ViroObjectDetector

On-device, open-vocabulary object detection powered by YOLOE running through ONNX Runtime. Everything runs locally on the device.

ViroObjectDetector works only in AR: it shares the camera feed of an enclosing ViroARSceneNavigator (it never opens a camera of its own), runs inference at a throttled frame rate, and fires onDetection with bounding boxes and labels. It renders nothing itself — mount it as a child or sibling of the navigator and give it width: 0, height: 0.
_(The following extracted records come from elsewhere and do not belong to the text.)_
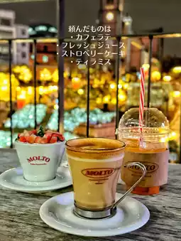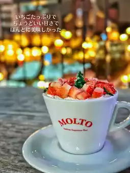 Strawberry shortcake in a cup and tiramisu with the word MOLTO on it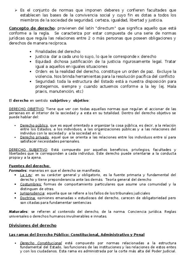 El texto aborda el Derecho Constitucional y el Derecho Público, explica el origen del constitucionalismo y desarrolla conceptos clave como Estado, Constitución, División de Poderes, Derechos y Garantías. Incluyen la evolución hacia el Estado social de de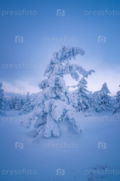 Наклонившаяся под тяжестью снега ель на вершине горы холодным зимним утром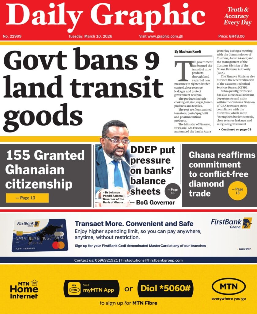 Home/General News/Newspaper Front Pages: Tuesday, March 10, 2026 General News Newspaper Front Pages: Tuesday, March 10, 2026 Eddie Kesse1 hour ago 41 Less than a minute Daily Graphic TagsFront Pages Newspaper Eddie Kesse1 hour ago 41 Less than a minute Share Facebook X WhatsApp Telegram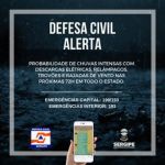 Defesa Civil Estadual alerta para chuvas e descargas elétricas nas próximas 72 horas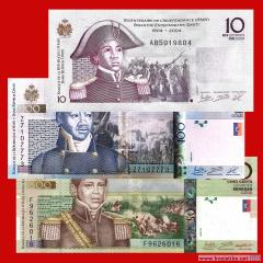 Банк Республики Гаити (Bank Repiblik Dayiti, Banque de la République d'Haïti) выпустил в обращение несколько купюр серии 2004 года с обновленными данными.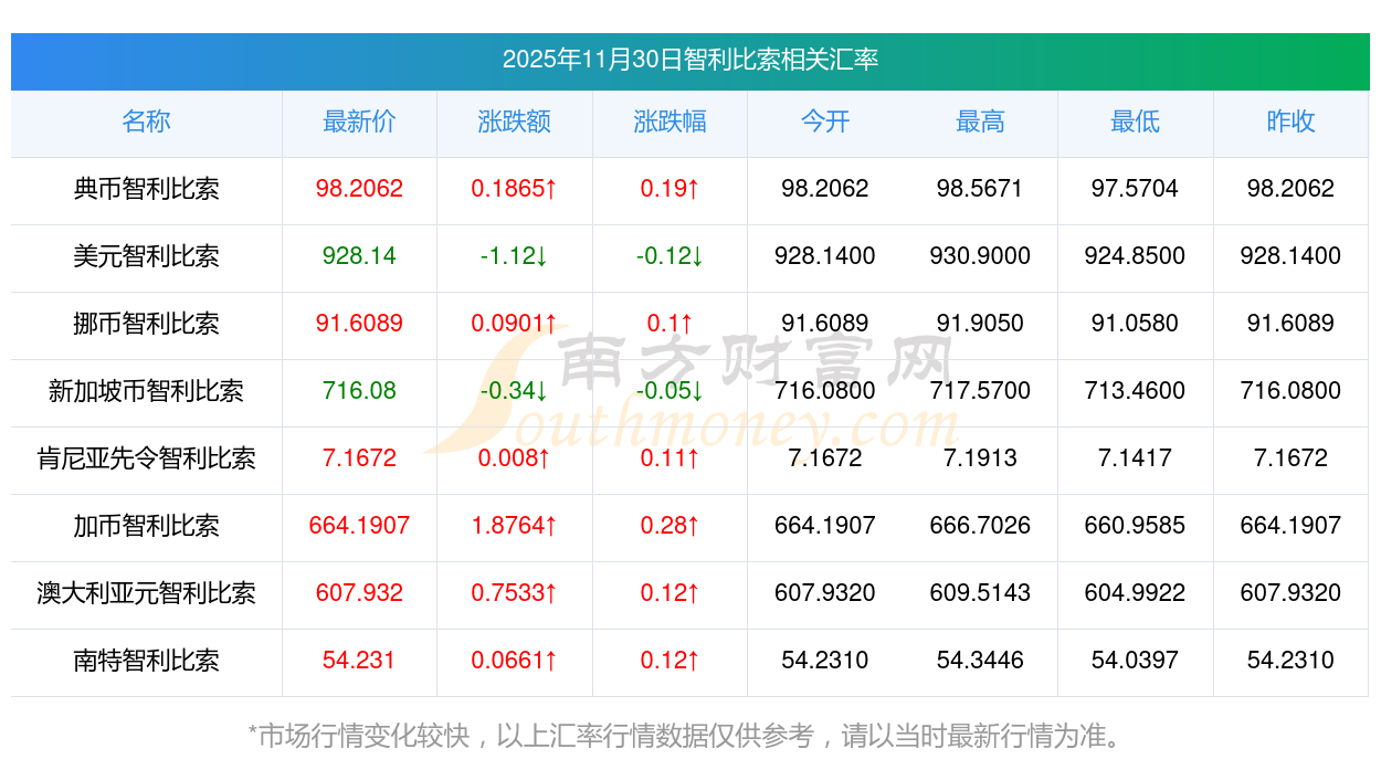 2025年11月30日智利比索相關(guān)匯率查詢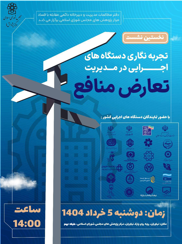 به همت دفتر مطالعات مدیریت و دبیرخانه دائمی مقابله با فساد مرکز پژوهش‌های مجلس شورای اسلامی، نخستین نشست تجربه‌ نگاری دستگاه های اجرایی در مدیریت تعارض منافع، روز دوشنبه(۵ خرداد ماه ۱۴۰۴) در مرکز پژوهش‌های مجلس برگزار می‌شود.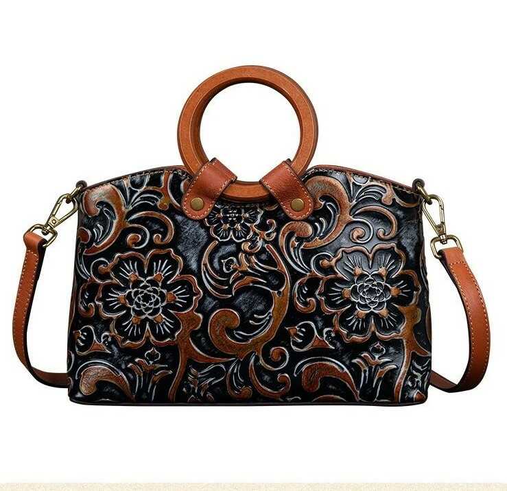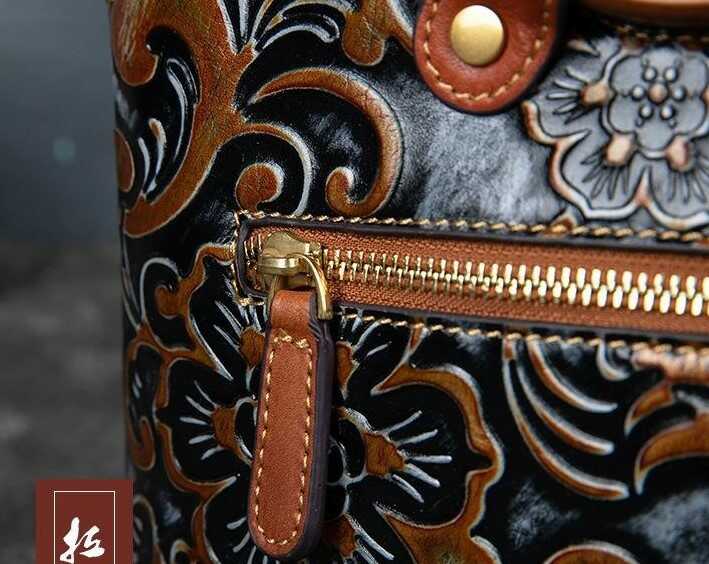 Skórzana torebka z wytłaczanym wzorem

Inference provider required. ViroObjectDetector ships the camera + plumbing, but the actual ONNX inference lives in the companion package @reactvision/react-viro-onnx. Neither platform falls back to anything if it's missing: the detector stays silent and fires onError ("No ONNX inference provider registered…"). Add the package to your plugins and it auto-registers (see its README).


Installation

You need two packages: this component (@reactvision/react-viro) and the ONNX inference provider (@reactvision/react-viro-onnx). Both are Expo config plugins.

  1. Install:
    npm install @reactvision/react-viro @reactvision/react-viro-onnx
    
  2. Add both to app.json — the provider after the component:
    { "expo": { "plugins": ["@reactvision/react-viro", "@reactvision/react-viro-onnx"] } }
    
  3. Let Metro resolve .onnx as an asset, in metro.config.js:
    config.resolver.assetExts.push("onnx"); // (+ "glb", "gltf", "vrx" for 3D assets)
    
  4. Bundle a model into the native project — see Model bundling. This is the most common source of a runtime model not found.
  5. Generate native projects and run:
    npx expo prebuild        # add --clean to regenerate from scratch (see Model bundling caveat)
    npx expo run:android     # / run:ios
    

For native details (iOS pod / onnxruntime AAR), custom-model export, NNAPI, and local development of the provider (it installs from a packed tarball — changes require a re-pack), see the provider's README.


Quick start

Mount the detector alongside a ViroARSceneNavigator. It shares the AR camera feed and renders nothing itself, so give it a zero size (see AR mode).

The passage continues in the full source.